Starting at the top of the listing, extract every line up to and including the one with "Damska sukienka tenisowa". Pictures stay out of the copy.

**DATA SHOWN:**
[Start of Attachment]

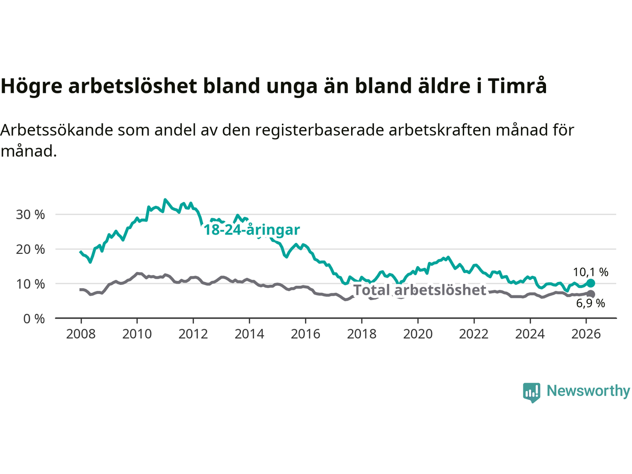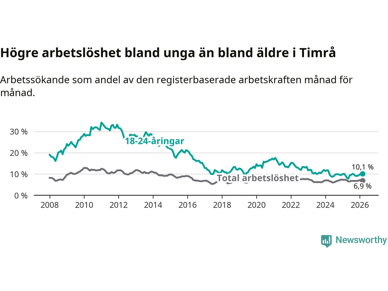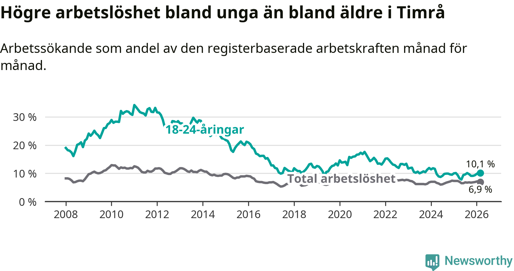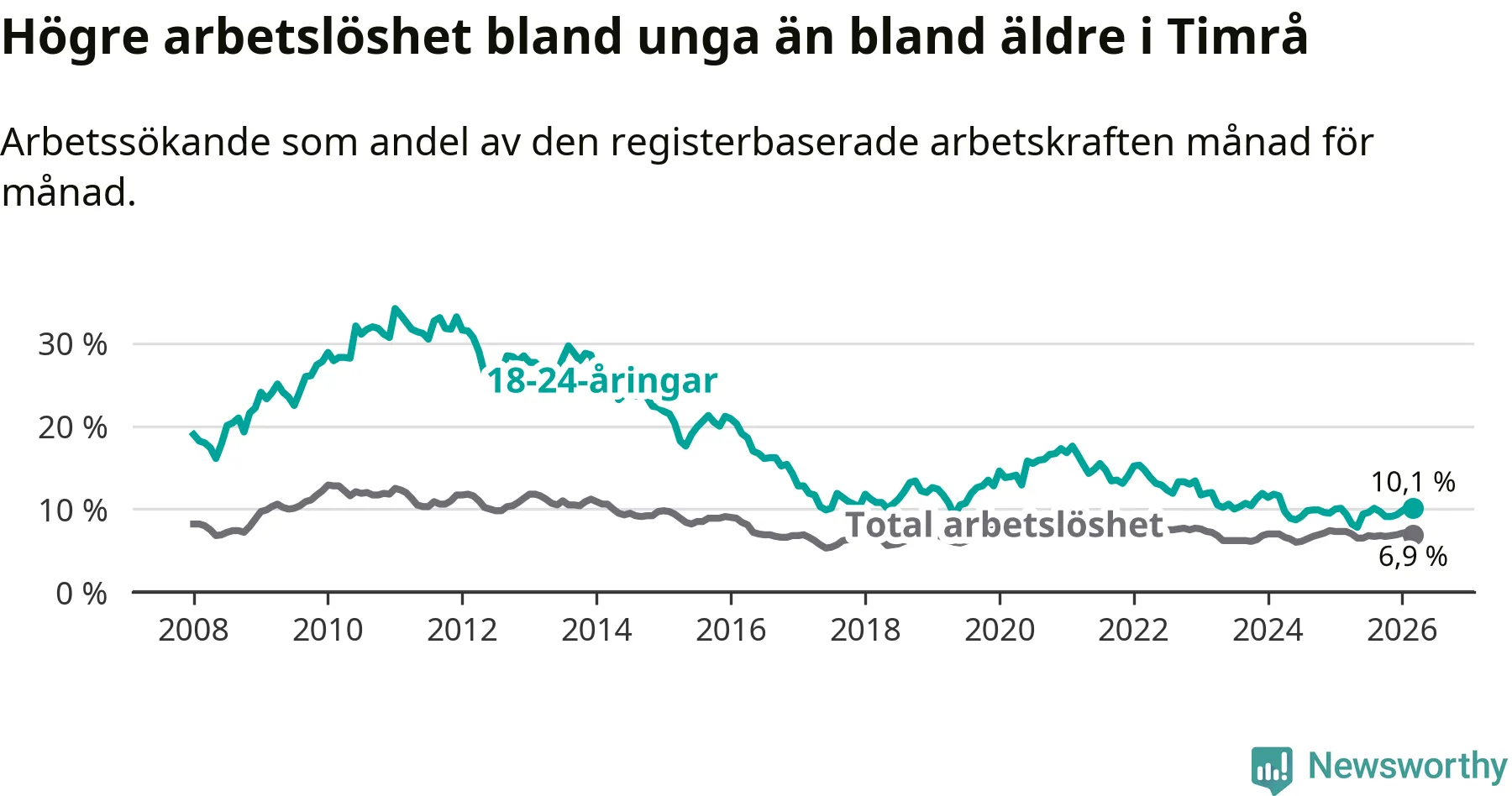 Precis som den totala arbetslösheten ligger ungdomsarbetslösheten i Timrå högre än i Västernorrland som helhet. Skillnaden mellan kommunen och länet är 2,5 procentenheter.
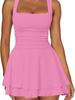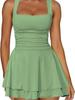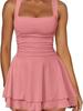 Damska sukienka tenisowa bez rękawów, sukienka do ćwiczeń fitness z falbanką, wiele kolorów
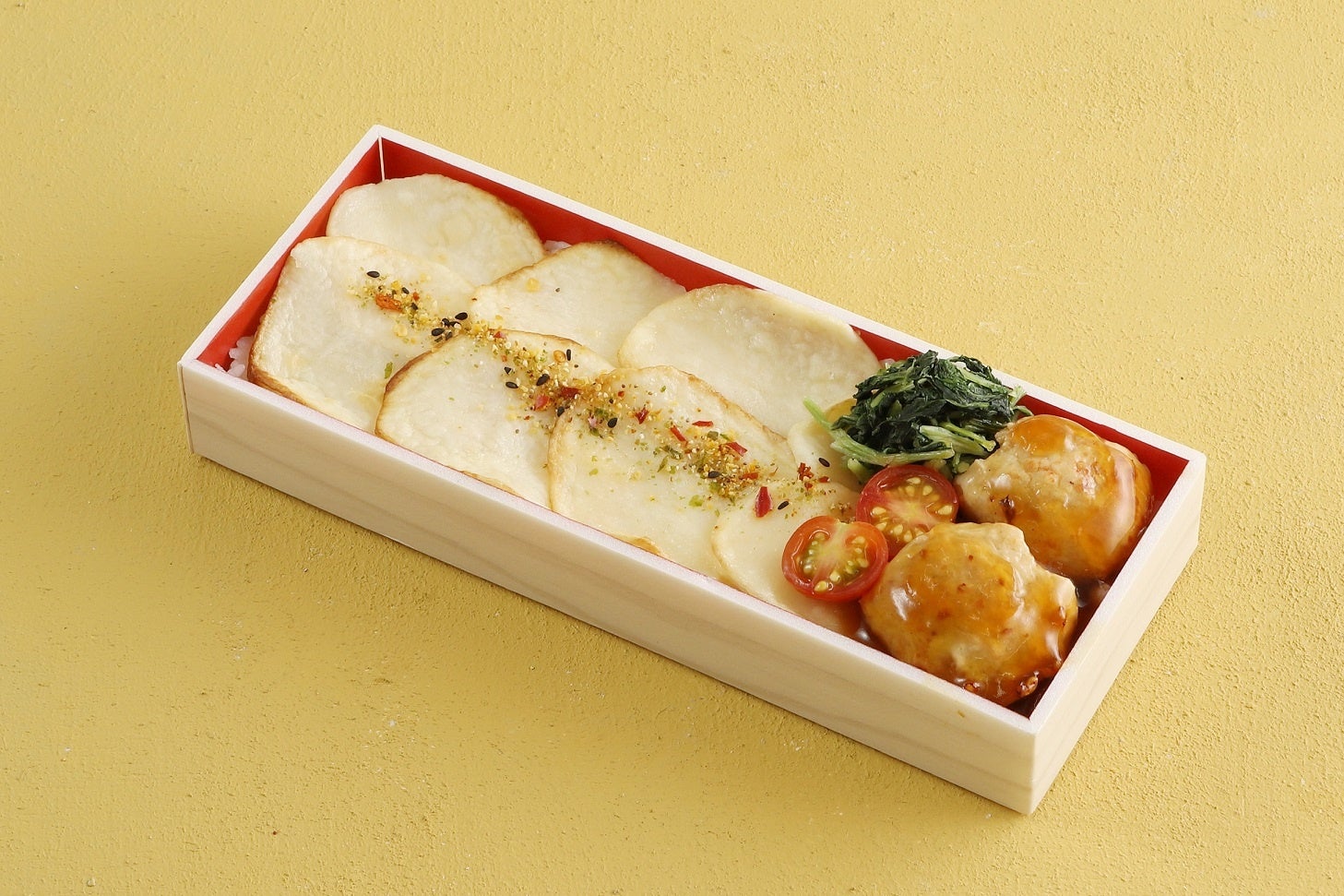 ホクホクのさつまいもと旬のきのこを三元豚で巻いたかつと、きのこごはんが楽しめるお弁当。醤油と大根おろしであっさりとお召し上がりいただけます。

[End of Attachment]

**WORKED SOLUTION:**
 Precis som den totala arbetslösheten ligger ungdomsarbetslösheten i Timrå högre än i Västernorrland som helhet. Skillnaden mellan kommunen och länet är 2,5 procentenheter.
 Damska sukienka tenisowa bez rękawów, sukienka do ćwiczeń fitness z falbanką, wiele kolorów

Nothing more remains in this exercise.